*Task description*: Return the listing exactly, please; no pictures.

*Source material*:
>>>

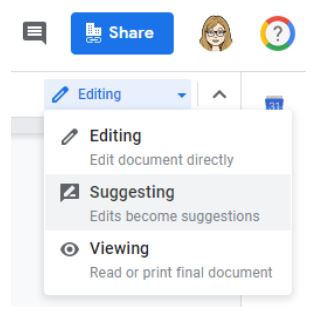 Suggestion Mode – Another one of my favorite editing tools! This tool changes the document from edit mode, which is the default mode Google Docs is set in and changes it to suggestion mode. It allows another person the document is shared with to add suggestions but not actually change the document. Changes are seen in green and the original user can approve or reject suggestions. Click on “Editing” under the share button and select “Suggesting” to move into this mode.
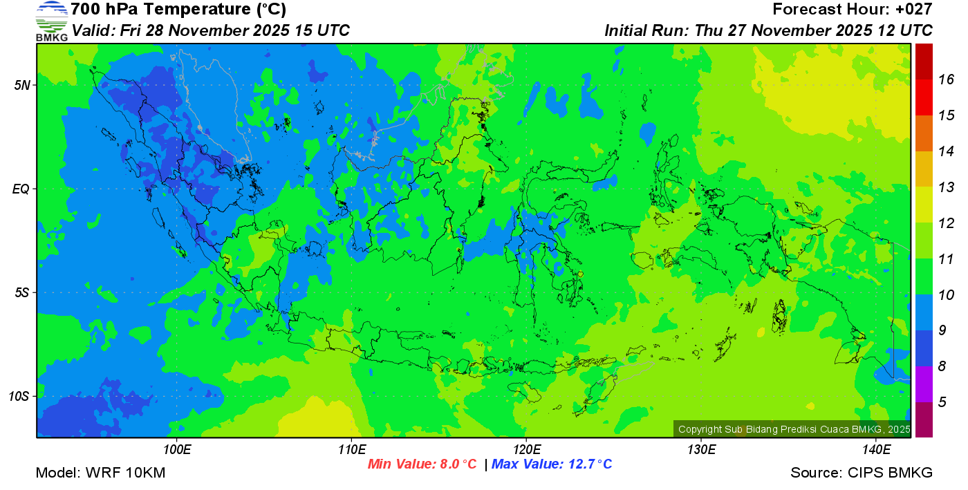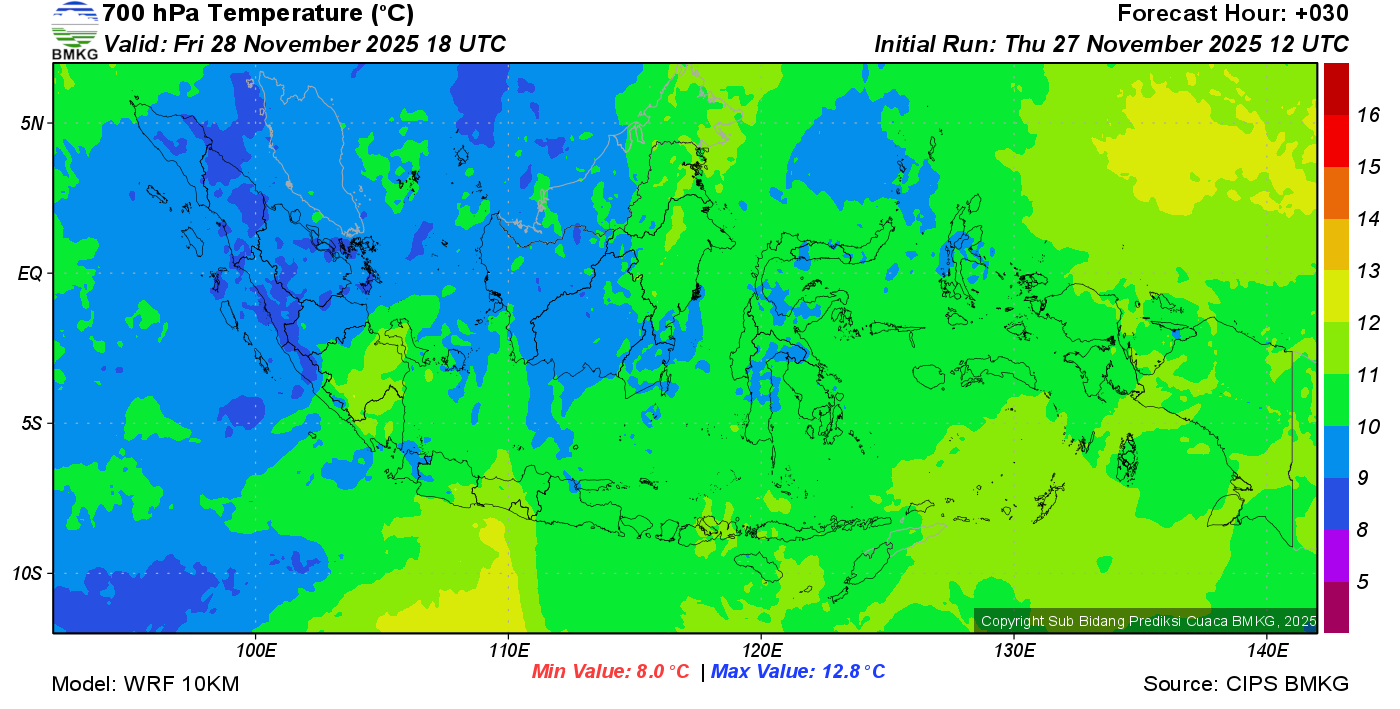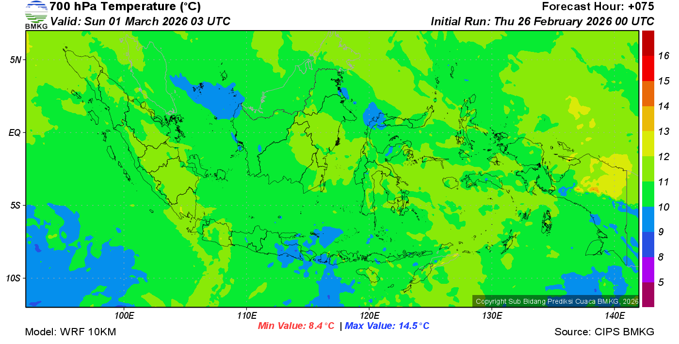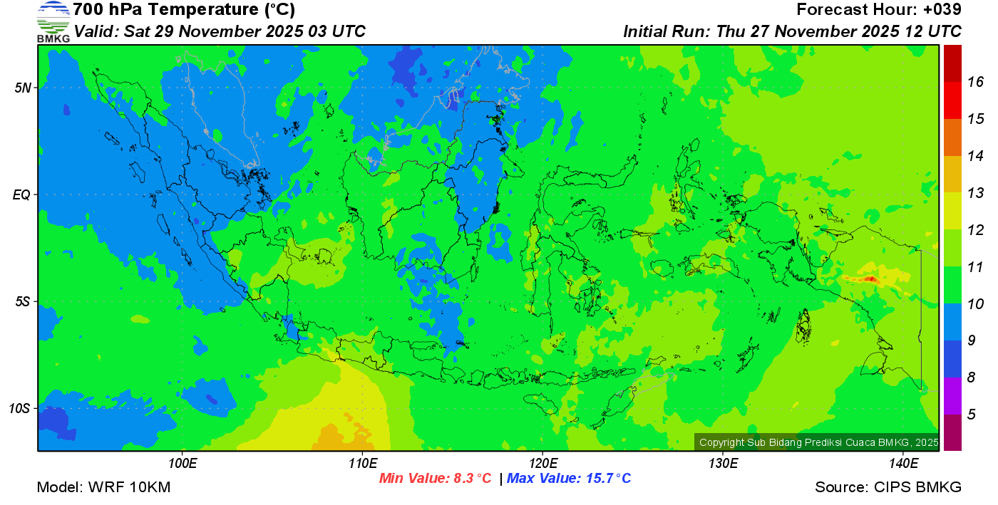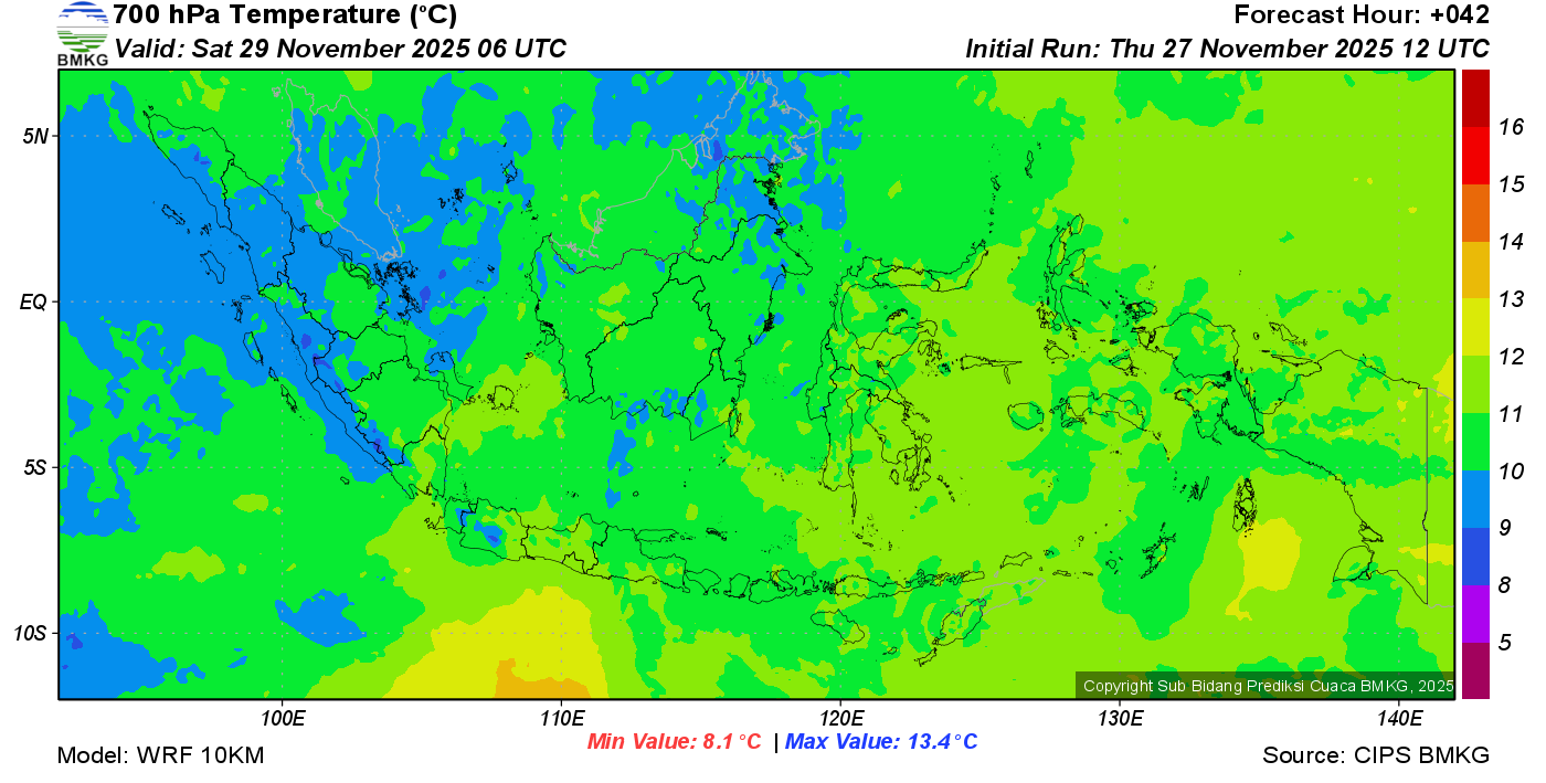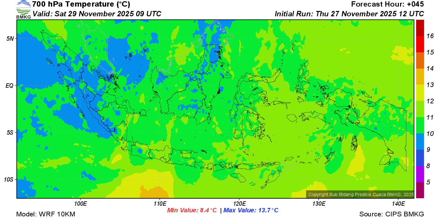 Prediksi Suhu Titik Embun 700 hPa NTT
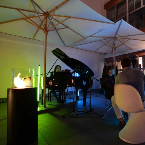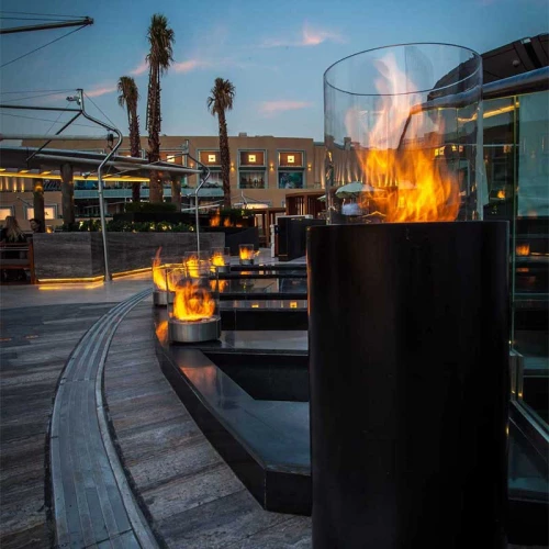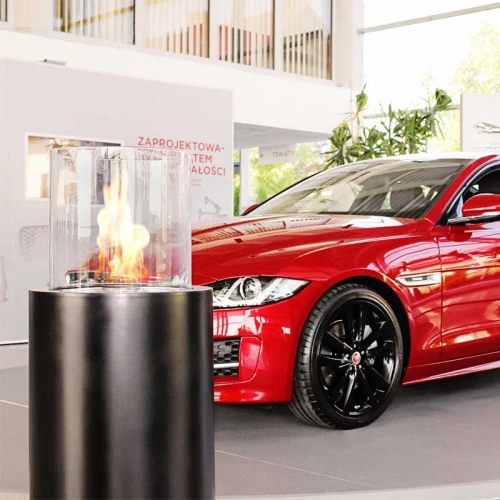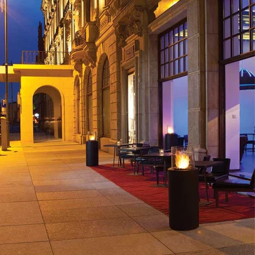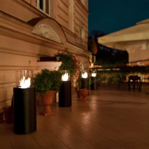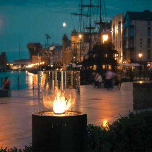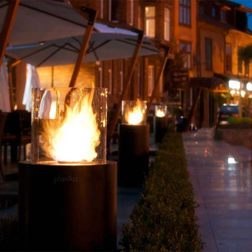 This outdoor bioethanol fireplace is from the manufacturer Planika. The fireplace can be used both indoor and outdoor, and thanks to the glass cylinder around the fire, it is possible to admire the flames from any side. The glass is also great when bringing the fire outside as it shields from wind.
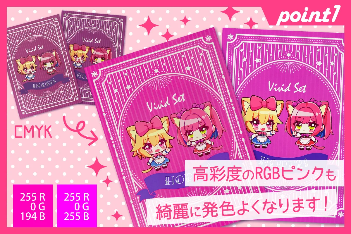 蛍光ピンクを加えた5色オンデマンドカラー印刷(CMYK+蛍光ピンク)により、従来のカラー印刷(CMYK)では表現の難しかった暖色系(ピンク・オレンジ・紫)が色鮮やかに、よりRGBに近い印刷に!人物の肌もキレイな発色に仕上がります!

<<<

*Expected output*:
 Suggestion Mode – Another one of my favorite editing tools! This tool changes the document from edit mode, which is the default mode Google Docs is set in and changes it to suggestion mode. It allows another person the document is shared with to add suggestions but not actually change the document. Changes are seen in green and the original user can approve or reject suggestions. Click on “Editing” under the share button and select “Suggesting” to move into this mode.
 Prediksi Suhu Titik Embun 700 hPa NTT
 This outdoor bioethanol fireplace is from the manufacturer Planika. The fireplace can be used both indoor and outdoor, and thanks to the glass cylinder around the fire, it is possible to admire the flames from any side. The glass is also great when bringing the fire outside as it shields from wind.
 蛍光ピンクを加えた5色オンデマンドカラー印刷(CMYK+蛍光ピンク)により、従来のカラー印刷(CMYK)では表現の難しかった暖色系(ピンク・オレンジ・紫)が色鮮やかに、よりRGBに近い印刷に!人物の肌もキレイな発色に仕上がります!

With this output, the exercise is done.